Evaluating hydrogenated nickel-titanium alloy for orthopedic implant

Nickel-titanium (NiTi) alloys are widely used in orthopedic implants for their good biocompatibility and mechanical properties. They are also applied for hydrogen storage capacity in energy application. Here we evaluated the use of NiTi alloys as carriers for delivering hydrogen molecules to wound sites, where these hydrogen molecules could be released to reduce the free radicals and inhibit the inflammatory reactions at these sites. The results of the XRD characterization, cyclic voltammetry, and thermal desorption analyses showed that the NiTi alloys used in this study could effectively carry hydrogen molecules after treating with cathodic hydrogen charging method.

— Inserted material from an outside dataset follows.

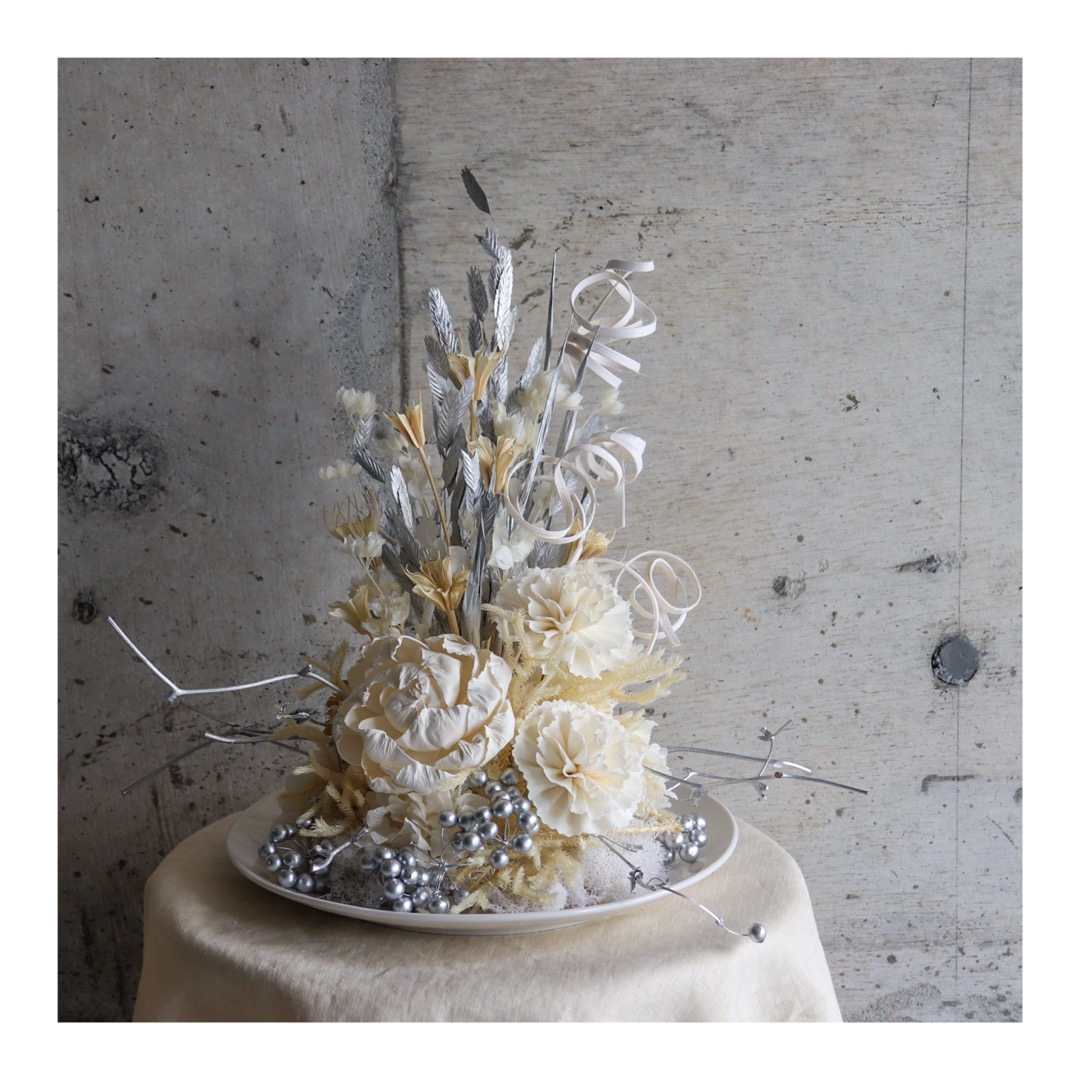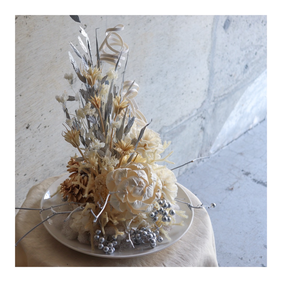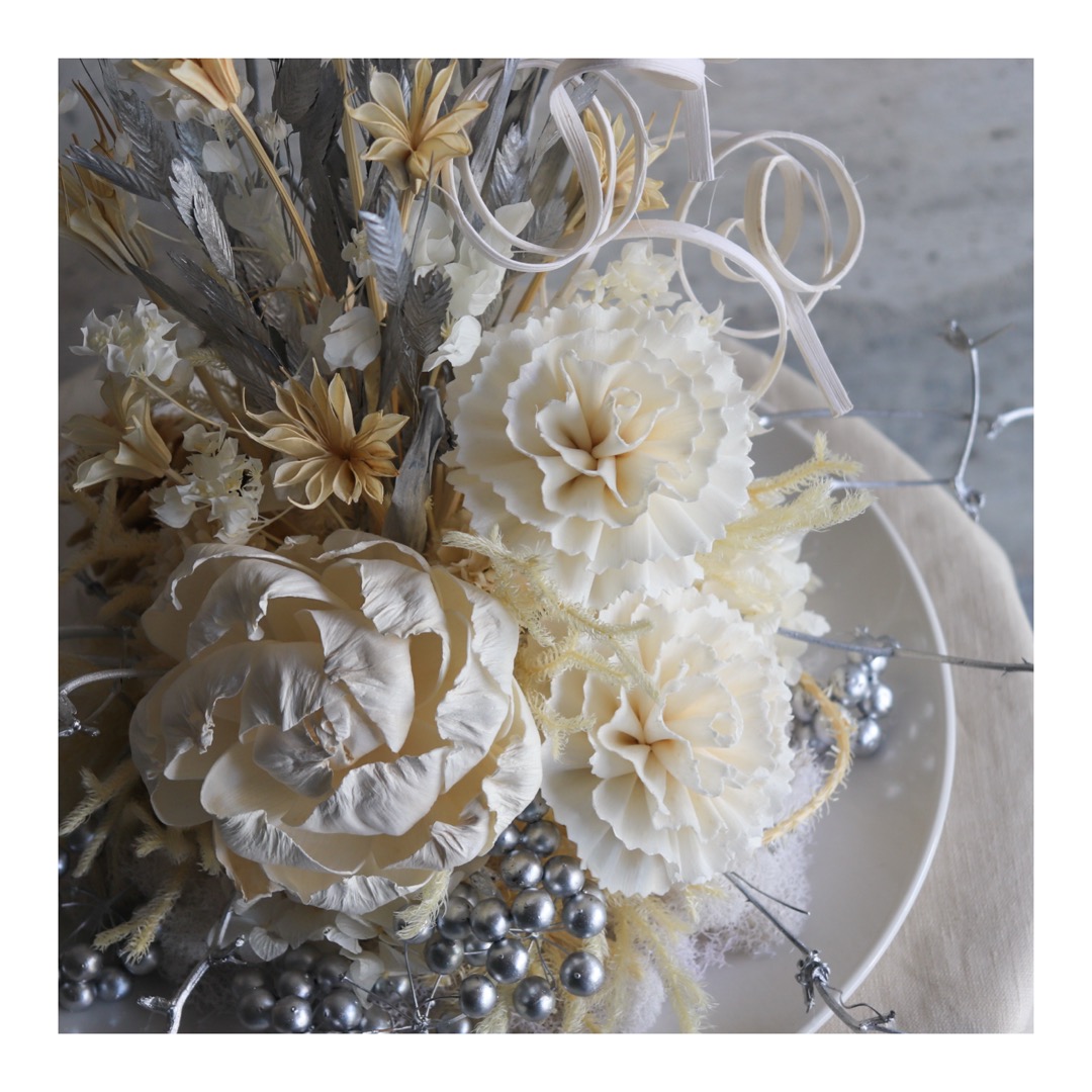 ドライフラワー、ハンドメイドフラワーをひとつひとつ丁寧に組み合わせ、

After hydrogen charging, the results of nano-indentation test revealed that the Young's modulus for these materials decreased from 81.45 GPa to 62.15 GPa, and its hardness decreased from 5.33 GPa to 4.50 GPa, which could help to improve the biocompatibility; and the water contact angle decreased from 75.04° to 63.83°, which is beneficial for cellular attachment. The results of the in vitro and in vivo study show that the use of hydrogen charged NiTi alloys could lead to higher cellular viability in human osteosarcoma cells (MG63), mouse fibroblasts (L929), and rat bone mesenchymal stem cells (BMSCs) and would significantly reduce inflammation.